Top of SOURCE RECORDS

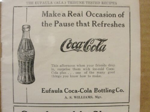 Title (ebay affiliate link): RARE EUFAULA ALABAMA COCA-COLA BOTTLING CO. ADVERTISEMENT 1910-1920''s AUTHENTIC
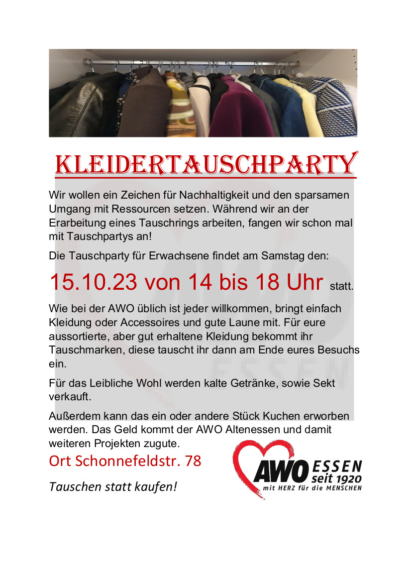 Der AWO Ortsverein Altenessen möchte gerne im Stadtteil einen Tauschring aufbauen. Nun laden die Altenessener*innen zum Generationencafé und zur Kleidertauschparty. Los geht’s am Sonntag, 15. Oktober, um 14 Uhr in den Clubräumen an der Schonnefeldstraße 78. Jeder Besucher und jede Besucherin sind willkommen. Wer tauschen möchte, der bringt einfach abgelegte Kleidung, Handtaschen oder Accessoires mit. Die Kleindung sollte allerdings in ordentlichem Zustand sein. Für jedes eingetauschte Stück kann man sich ein anderes mit nach Hause nehmen. Für Kaffeetafel und leibliches Wohl wird gesorgt.
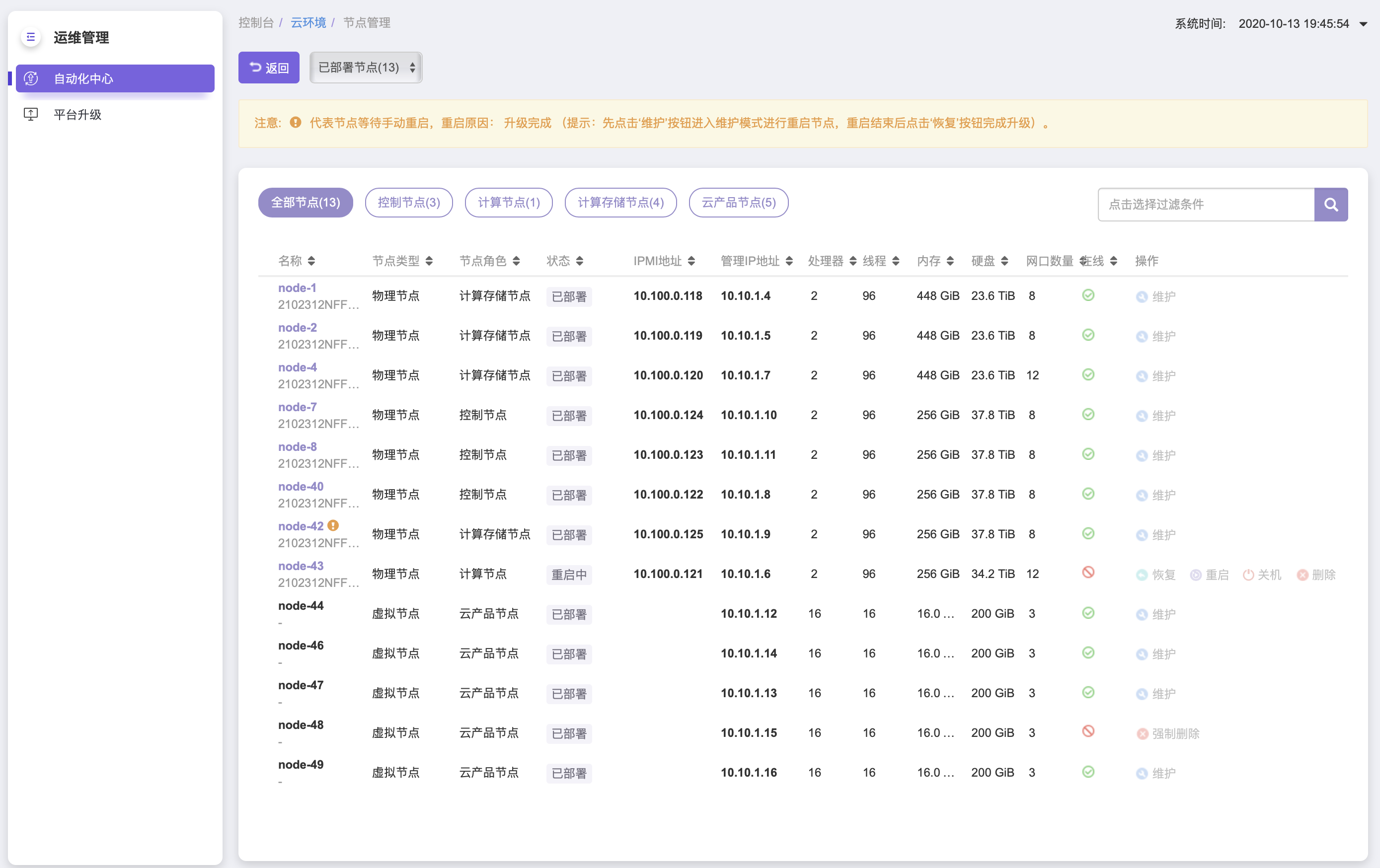 展开详细升级信息,点击“待重启节点/全部节点”链接前往自动化中心,节点名称后有感叹号的节点需要进行手动重启(先点击‘维护’按钮进入维护模式进行重启节点,重启结束后点击‘恢复’按钮完成升级)。
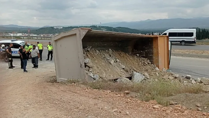 Kaza, Atatürk Mahallesi’nde meydana geldi. Hafriyat taşıyan E.T. idaresindeki 06 FK 6313 plakalı kamyon dönerken arka tekerinin su kanalına düşmesi sonucu devrildi. Şoför ise hafif yaralanırken, 112 Acil Yardım ekiplerinin ilk müdahalesinden sonra hastaneye kaldırıldı. Kazayla ilgili soruşturma sürüyor.
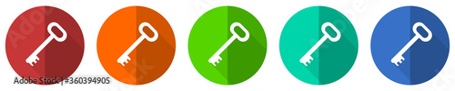 Key icon set, red, blue, green and orange flat design web buttons isolated on white background, vector illustration
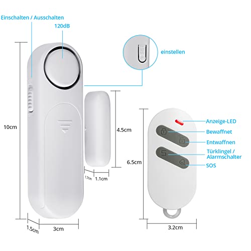 【 Campo di Controllo più Lungo】: questo kit di allarme per porta wireless è dotato di un telecomando wireless per armare, disarmare, SOS e campanello. Facilita il controllo remoto di allarmi di porte e finestre fino a 300 metri. Può essere utilizzato anche come fermaporta, allarme per la porta della piscina, per il garage o per la porta scorrevole.
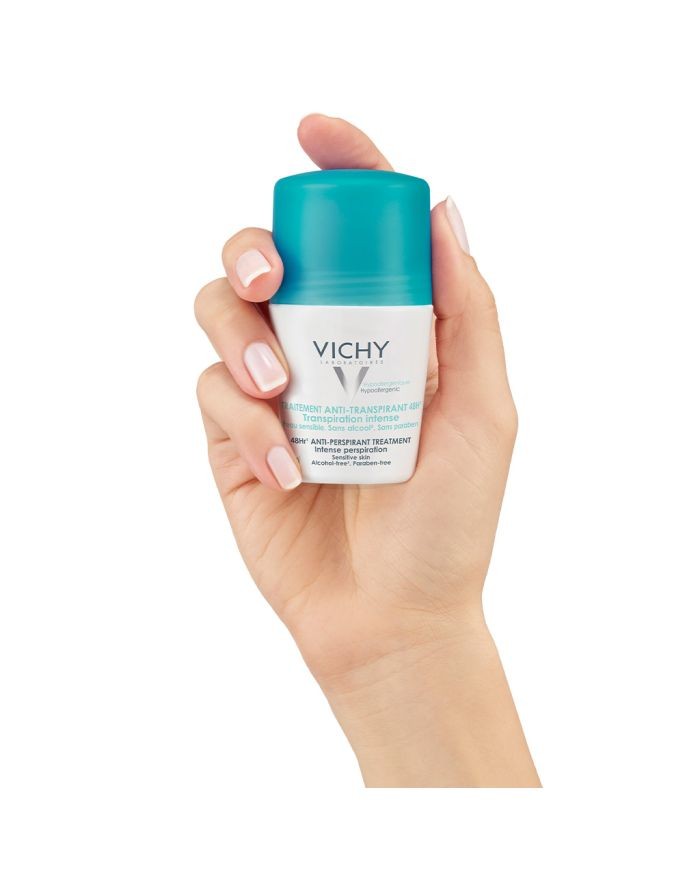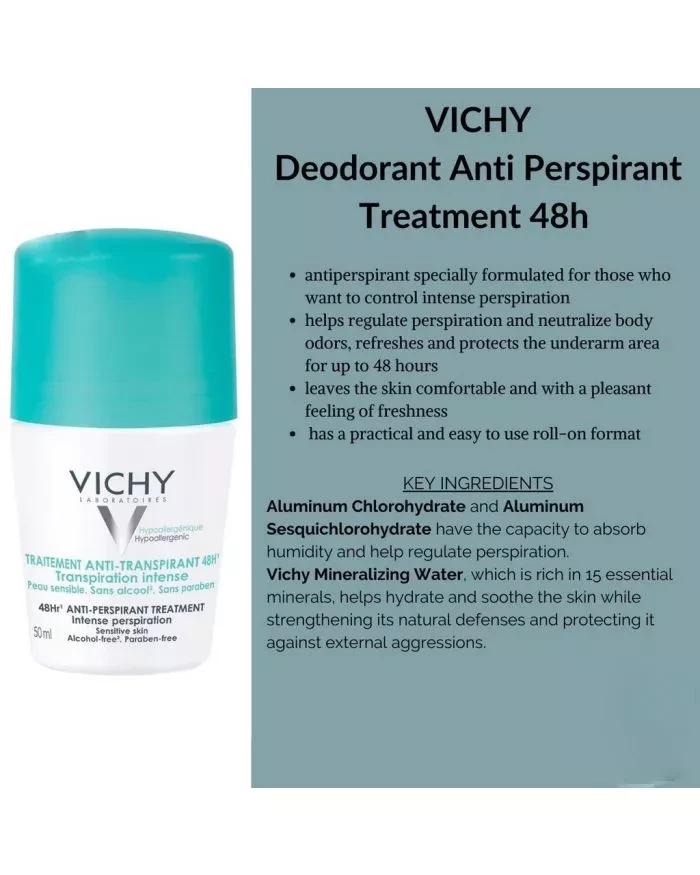 The? VICHY Deodorant 48Hour Intensive Anti-Perspirant Roll On?helps to control odors no matter the situation.? Blended with Vichy Mineralizing Water that's packed with 15 different minerals, your skin will be soothed and protected for comfort throughout the day. The formula dries quickly, making application quick and effortless. This antiperspirant formula gives you an immediate fresh sensation with up to 48-hour anti-perspiration efficacy. Its ‘no trace’ formula leaves no white marks or yellow stains and helps to prevent clothes from stiffening under the arm.
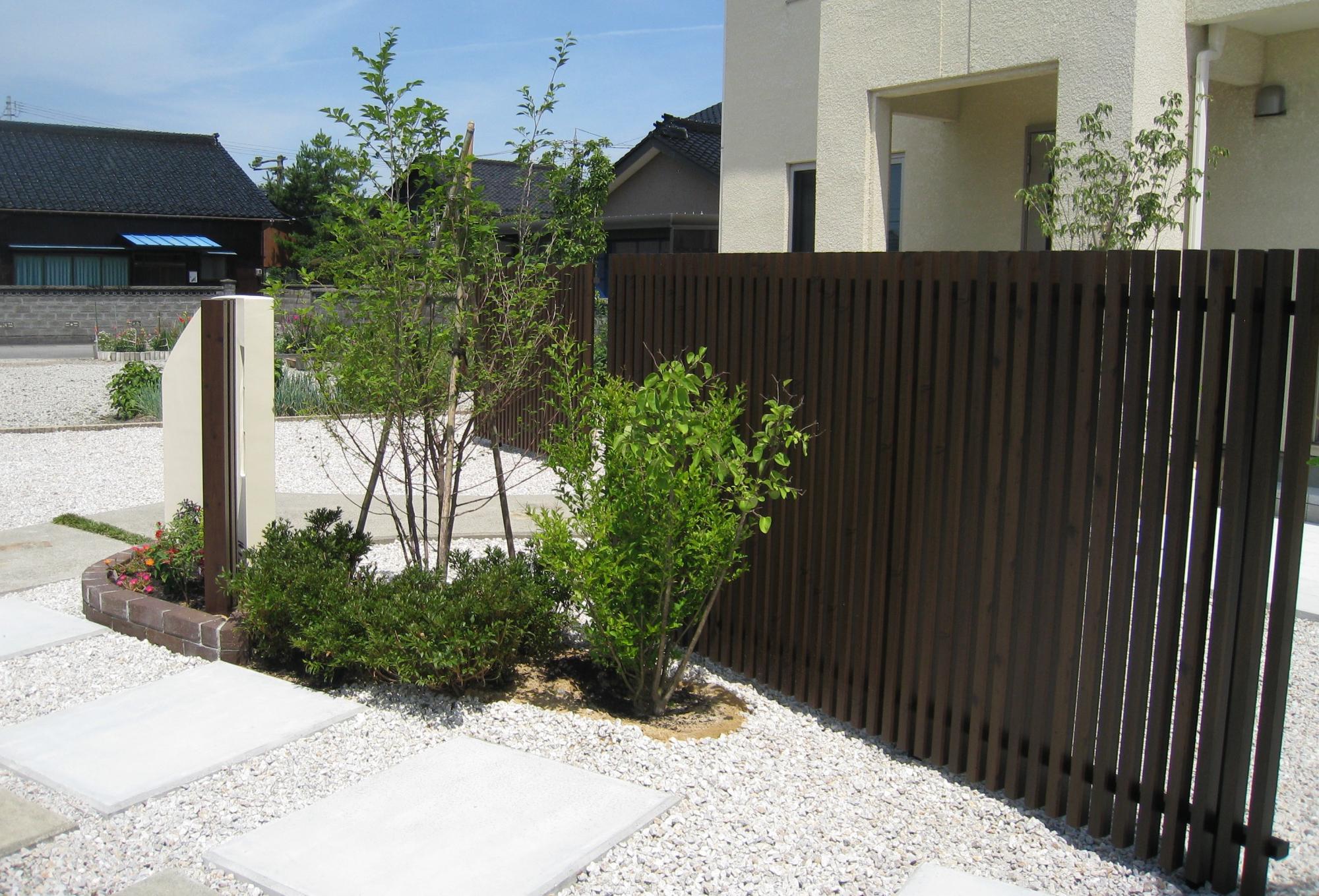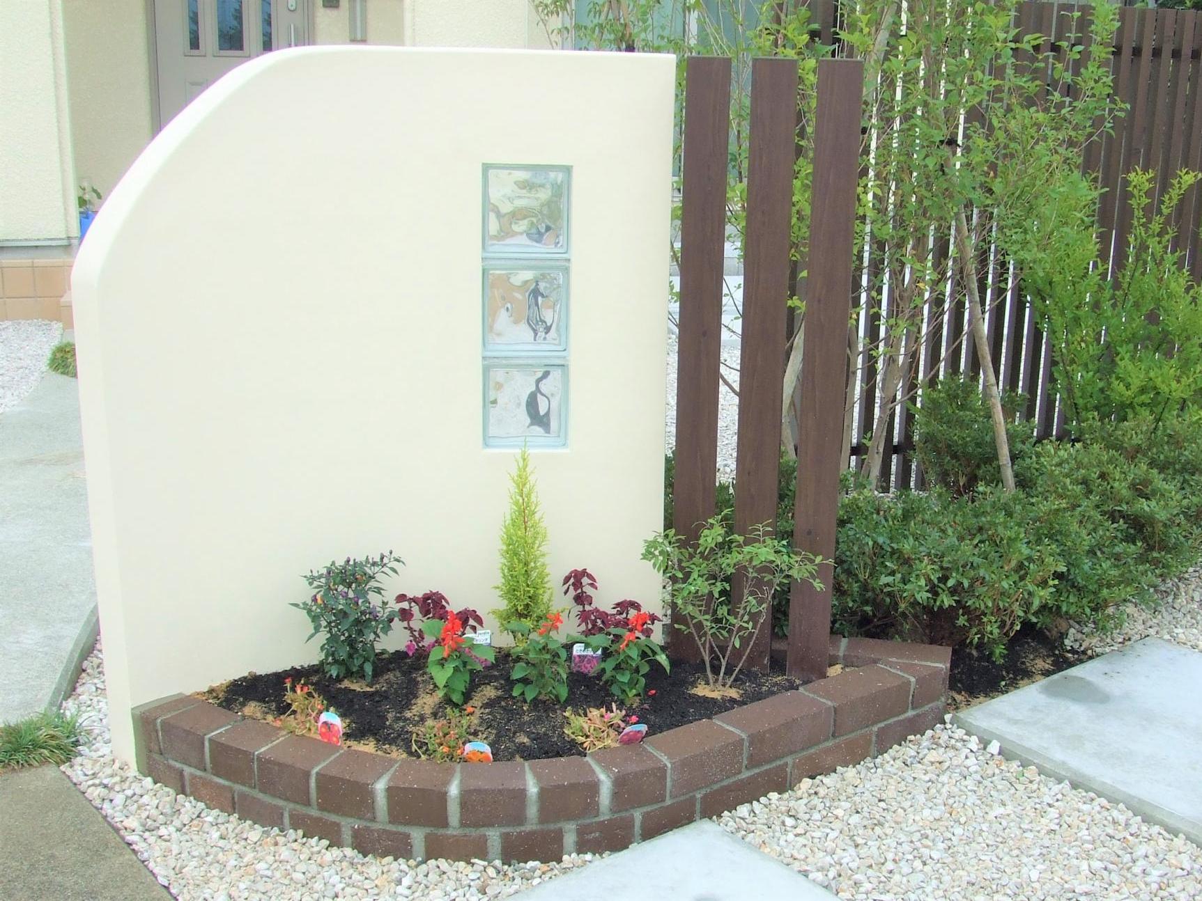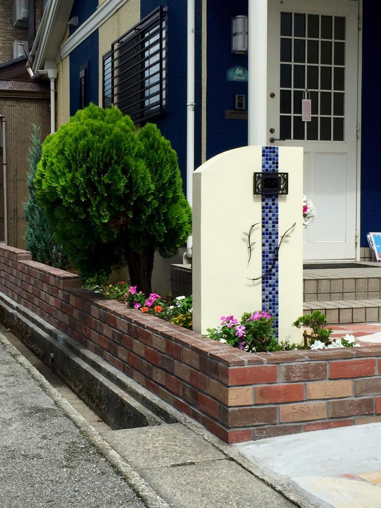門柱設置、花壇レンガ積み(2段)、目隠しフェンス、植栽植込み

Bottom of SOURCE RECORDS

[HOW TO COMPLETE THIS TASK]
Copy only the lines running from the one that holds "la porta scorrevole." through the last line of the data, and include both of those lines. Do not copy any pictures.

[COMPLETED TASK]
 【 Campo di Controllo più Lungo】: questo kit di allarme per porta wireless è dotato di un telecomando wireless per armare, disarmare, SOS e campanello. Facilita il controllo remoto di allarmi di porte e finestre fino a 300 metri. Può essere utilizzato anche come fermaporta, allarme per la porta della piscina, per il garage o per la porta scorrevole.
 The? VICHY Deodorant 48Hour Intensive Anti-Perspirant Roll On?helps to control odors no matter the situation.? Blended with Vichy Mineralizing Water that's packed with 15 different minerals, your skin will be soothed and protected for comfort throughout the day. The formula dries quickly, making application quick and effortless. This antiperspirant formula gives you an immediate fresh sensation with up to 48-hour anti-perspiration efficacy. Its ‘no trace’ formula leaves no white marks or yellow stains and helps to prevent clothes from stiffening under the arm.
門柱設置、花壇レンガ積み(2段)、目隠しフェンス、植栽植込み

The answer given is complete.